> _Task instructions_
Pictures stay out of the copy, and everything else in the data below is repeated exactly.

> _Dataset excerpt_

BEGIN

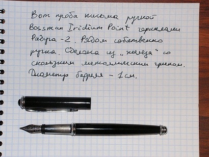 Мне Bossman досталась "по наследству" без картриджа. Выглядит по-другому,нежели на преведенных выше фотографиях. Сказал бы нетолстая сигара. Тяжелее, чем Parker Jotter, и перо кажется более твердым, не гнущимся. "Размер" пера Н, если такие бывают. Постараюсь при дневном свете сделать фотографии. Картриджи еще не искал, сомневаюсь, что в нашем городе есть выбор.
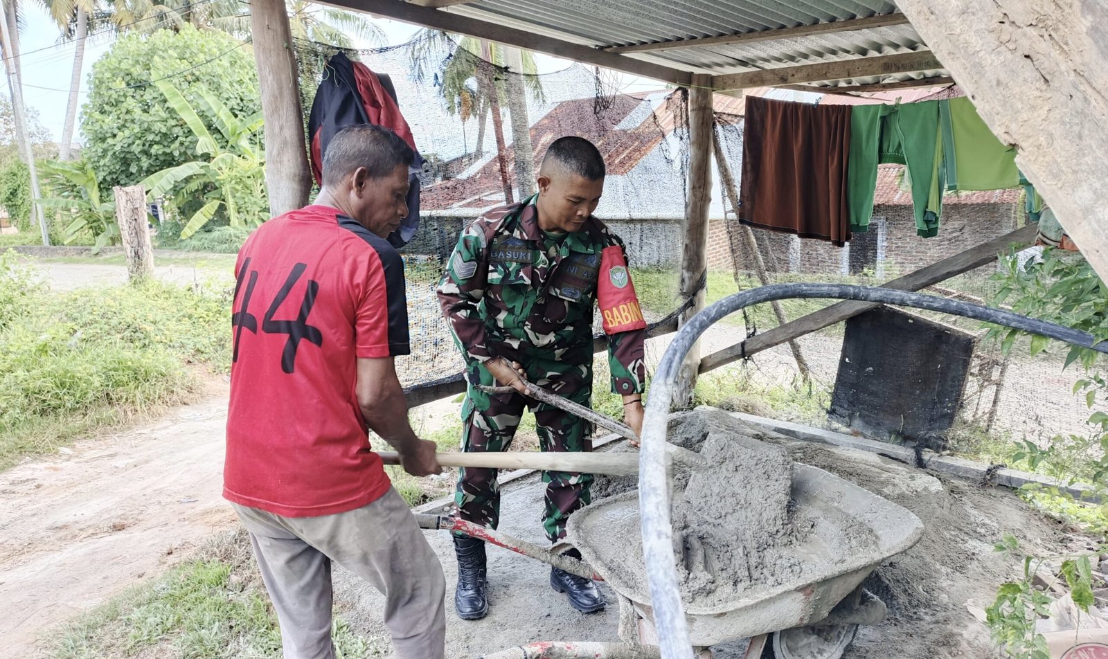 Dalam kegiatan tersebut, Serka Basuki terlihat ikut mengaduk semen bersama para pekerja bangunan. Aksi ini dilakukan sebagai bentuk kepedulian untuk meringankan beban pekerjaan warga sekaligus mempererat hubungan kebersamaan di wilayah binaan.
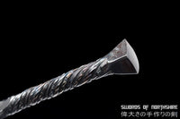 This functional yari spear is made from one solid piece of folded 1060 high carbon steel. The yari was one of the earliest weapons used by Japanese warriors. In early Japanese history the yari was a common weapon on the battlefield, even used more often than the samurai sword until the Edo period when close quarters combat became more prevalent. Infantry units would advance in a tight formation with spears in hand and raise a wall of blades to stop the advance of enemy infantry while keeping a safe distance. Yari techniques focus on thrusting and stabbing, but combine slashing and striking in some situations. This is a heavy spear that can be used with two hands. Please note, our spears are handmade so specifications vary slightly from blade to blade.
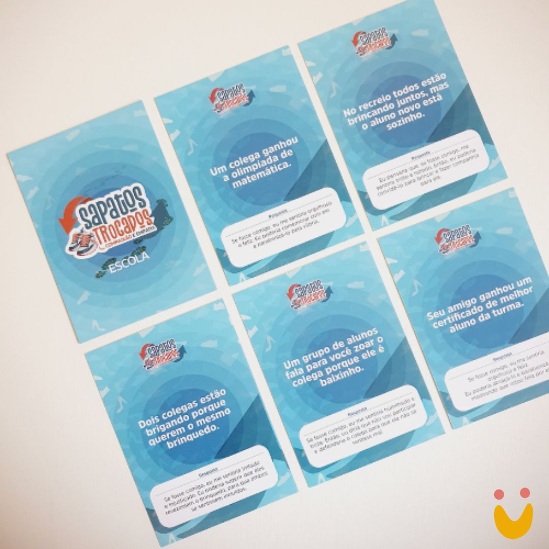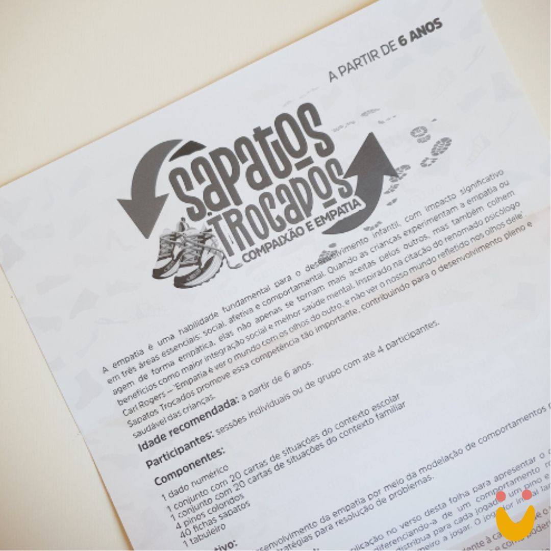 Este Brinquedo Terapêutico é um jogo que convida crianças e adolescentes a desenvolverem a empatia de forma lúdica e significativa. Ao vivenciar situações do ponto de vista de outra pessoa, o participante é estimulado a compreender diferentes sentimentos, pensamentos e necessidades, ampliando sua capacidade de se conectar e interagir de maneira saudável. A dinâmica favorece o desenvolvimento social, ao melhorar as relações interpessoais; o crescimento afetivo, ao fortalecer vínculos e a sensibilidade emocional; e a regulação comportamental, ao estimular respostas mais respeitosas e colaborativas diante de conflitos. Ao “calçar os sapatos do outro”, a criança descobre novas formas de agir com compreensão e solidariedade, aprendendo que, quando caminhamos juntos, a jornada se torna mais leve e enriquecedora.

END

> _Exercise response_
 Мне Bossman досталась "по наследству" без картриджа. Выглядит по-другому,нежели на преведенных выше фотографиях. Сказал бы нетолстая сигара. Тяжелее, чем Parker Jotter, и перо кажется более твердым, не гнущимся. "Размер" пера Н, если такие бывают. Постараюсь при дневном свете сделать фотографии. Картриджи еще не искал, сомневаюсь, что в нашем городе есть выбор.
 Dalam kegiatan tersebut, Serka Basuki terlihat ikut mengaduk semen bersama para pekerja bangunan. Aksi ini dilakukan sebagai bentuk kepedulian untuk meringankan beban pekerjaan warga sekaligus mempererat hubungan kebersamaan di wilayah binaan.
 This functional yari spear is made from one solid piece of folded 1060 high carbon steel. The yari was one of the earliest weapons used by Japanese warriors. In early Japanese history the yari was a common weapon on the battlefield, even used more often than the samurai sword until the Edo period when close quarters combat became more prevalent. Infantry units would advance in a tight formation with spears in hand and raise a wall of blades to stop the advance of enemy infantry while keeping a safe distance. Yari techniques focus on thrusting and stabbing, but combine slashing and striking in some situations. This is a heavy spear that can be used with two hands. Please note, our spears are handmade so specifications vary slightly from blade to blade.
 Este Brinquedo Terapêutico é um jogo que convida crianças e adolescentes a desenvolverem a empatia de forma lúdica e significativa. Ao vivenciar situações do ponto de vista de outra pessoa, o participante é estimulado a compreender diferentes sentimentos, pensamentos e necessidades, ampliando sua capacidade de se conectar e interagir de maneira saudável. A dinâmica favorece o desenvolvimento social, ao melhorar as relações interpessoais; o crescimento afetivo, ao fortalecer vínculos e a sensibilidade emocional; e a regulação comportamental, ao estimular respostas mais respeitosas e colaborativas diante de conflitos. Ao “calçar os sapatos do outro”, a criança descobre novas formas de agir com compreensão e solidariedade, aprendendo que, quando caminhamos juntos, a jornada se torna mais leve e enriquecedora.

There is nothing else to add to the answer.